These defensive weapons, supplied by the United States and NATO, are dramatically altering the battlefield and providing a much-needed shot in the arm to a president in Kyiv unwilling to “take a ride.” Ukraine has marginalized the once vaunted Russian War Machine. As the combat continues, the Ukraine Defense Ministry recently reported they have inflicted 34,430 casualties and destroyed 1,504 tanks, 3,632 armored personnel carriers, 756 artillery pieces, 240 Multiple Launch Rocket Systems, 216 aircraft and 183 helicopters.

Ukrainian resiliency and Russian ineptness aside, are we witnessing a revolution in military affairs (RMA) moment?

The Greek philosopher Heraclitus of Ephesus introduced us to the reality that “change is the only constant.” That applies to warfare as well, from tactics and strategy to weapons systems and protective equipment.
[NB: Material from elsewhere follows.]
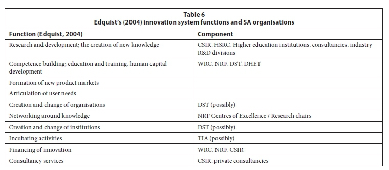 In terms of the innovation system functions described by Edquist (2004), the water innovation system in SA has gaps in many major respects, not least within formal organisations. Table 6 shows the organisational components of the innovation system, aligned with their key mandated functions.

When change fundamentally reshapes how we fight, it is known as an RMA — a hypothesis in military theory about the future of warfare, often connected to technological and organizational recommendations for military reform. 

Broadly stated, RMA claims in certain periods of the history there were new military doctrines, strategies, tactics and technologies that led to irrecoverable changes in the conduct of warfare. Furthermore, those changes compel an accelerated adaptation of novel battlefield doctrines and strategies. Examples include the machine gun from World War I, blitzkrieg from World War II, long-range precision missile fires from Desert Storm, and communications and network-centric warfare.

The war in Ukraine is continually introducing high-tech weapon systems to the battlefield that are fundamentally marginalizing armor — tanks and armored personnel carriers — by utilizing centuries-old tactics that have fundamentally marginalized, while ingeniously also exploiting, the manner in which the Russian military employs them. Russian President Vladimir Putin exposed himself to this possible RMA moment by fighting a war using WWII tactics with modern-day armor; the Ukrainian military is winning by destroying them wholesale with modern weapon systems using infantry tactics as old as the French and Indian War.

In Ukrainian hands, $175,000 Raytheon FGM-148 Javelins and their “fire and forget” technology are acting as long-range snipers, while the $40,000 UK Thales NLAW are serving as close-in brass knuckles. Both have easily destroyed Russian armor, including Russia’s $2.8 million T-72 tanks, by homing in on their manned turrets from the topside — structurally their weakest defensive armor link. Turkish Bayraktar TB2 drones, pricier at $5 million each, provide 24-hour air cover and have been highly effective at destroying a variety of Russian armor, command posts, surface-to-air missile (SAM) batteries and multiple rocket launchers. Perhaps the most revolutionary are the U.S. AeroVironment Switchblade 300s and 600s. These $6,000 loitering drones, capable of staying airborne for 30 minutes and ranging seven miles, are carried in a backpack and provide infantrymen over-the-horizon intelligence. They also are kinetic and can destroy Russian armor and artillery.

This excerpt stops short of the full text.